Шестидесятилетний юбилей Карибского кризиса — повод не только для тревожных аналогий, но и для поиска ассоциаций второго плана. Страх ядерного Армагеддона в 1962-м не только заложил фундамент под стратегией сосуществования двух систем без перехода к крайним решениям, но и постепенно вывел отношения СССР с Европой на беспрецедентный уровень экономического сотрудничества.

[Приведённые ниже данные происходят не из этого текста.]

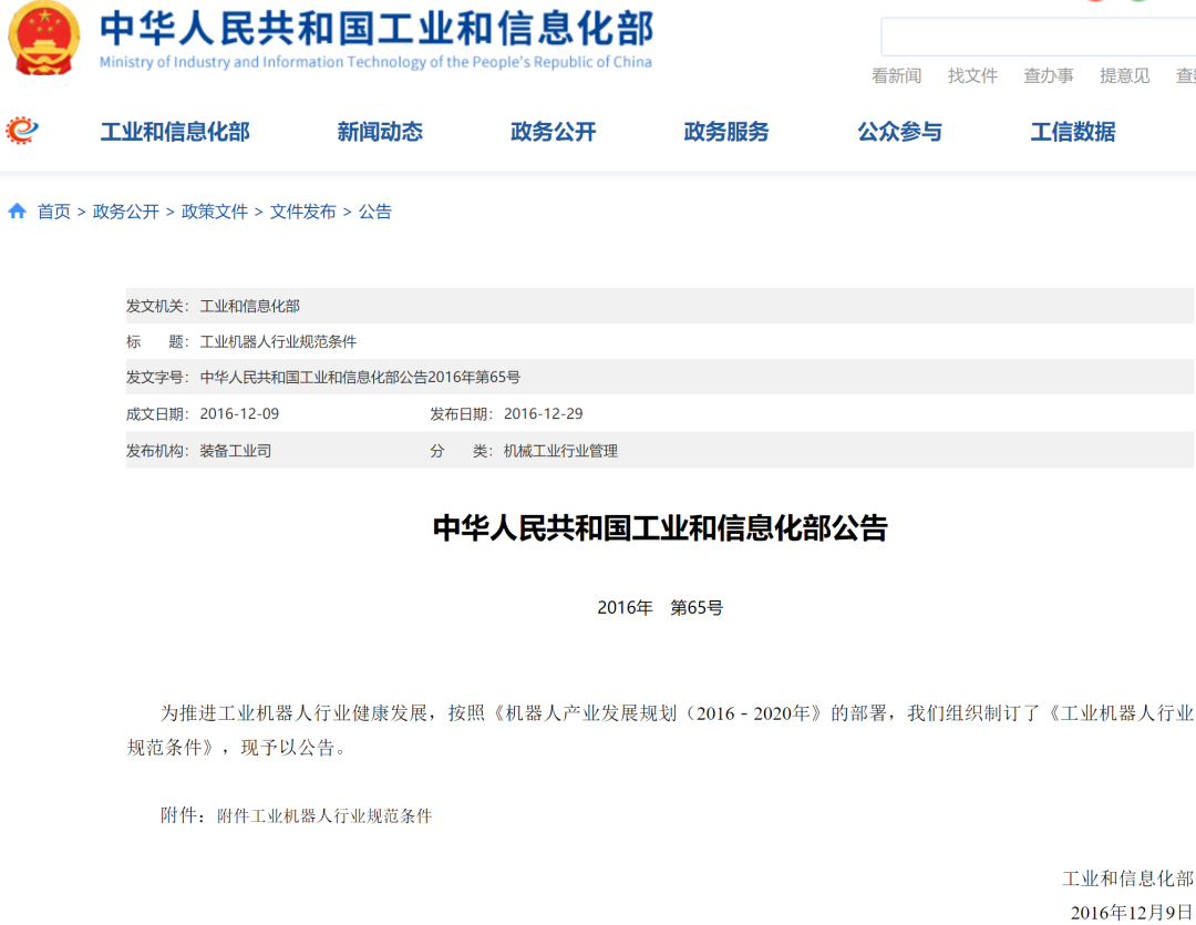 (《工业机器人行业规范条件》公告)

Более того, недовольство европейцев ядерными амбициями и в целом «ястребиной» политикой Соединенных Штатов, фактически подставлявших Старый Свет под первый сокрушительный удар Москвы, привели к выходу Франции из НАТО в 1966 году и к теснейшим контактам генерала де Голля с Советами. А в 1969-м к Парижу присоединился Бонн во главе с новым лидером ФРГ Вилли Брандтом. Западная Европа вышла на серию политических и экономических договоров с Москвой, бриллиантом которой стала «сделка века»: «газ — трубы». Европейцы наплевали на запреты Вашингтона и наконец начали поставлять СССР трубы большого диаметра в обмен на газ с месторождений Западной Сибири.
Новости партнеров
Это сотрудничество заложило основу для десятилетий процветания европейской промышленности, выстроенной вокруг дешевых энергоносителей с востока. Советский Союз менее дальновидно распорядился полученными доходами, но в целом, кроме собственного руководства, предъявлять претензии некому.
Эта история могла продолжаться вечно и после обретения Россией статуса энергетической державы, и после нерационально объявленного Европой энергоперехода. Но Европа в начале XXI века вторично лишилась субъектности и ушла под плотный контроль Вашингтона. И лидеров калибра де Голля и Брандта евробюрократия больше не взращивает. Современные европейские чиновники воспитаны годами высокомерного и одновременно пугливого отношения к русским.
В сильном выступлении Владимира Путина на Валдайском форуме при желании можно увидеть предложение двигаться именно к разрядке, подобной той, шестидесятилетней давности, когда, казалось бы, непримиримые идеологические системы нашли способ мирного и эффективного сожительства на одной части света. Сегодня Путин говорит, что нас ждет «самое опасное, непредсказуемое и важное десятилетие со времен окончания Второй мировой войны», и в то же время, отвергая центральную роль неолиберального миропорядка, предлагает не борьбу с ним, а признание права всех мировых цивилизаций жить по своим законам. В выступлении Путина на форуме прямо прозвучало, что «только многополярный мир позволит вернуть Европе субъектность», а это значит, что все, кто пожелает, смогут вернуться к идее единой мирной Евразии.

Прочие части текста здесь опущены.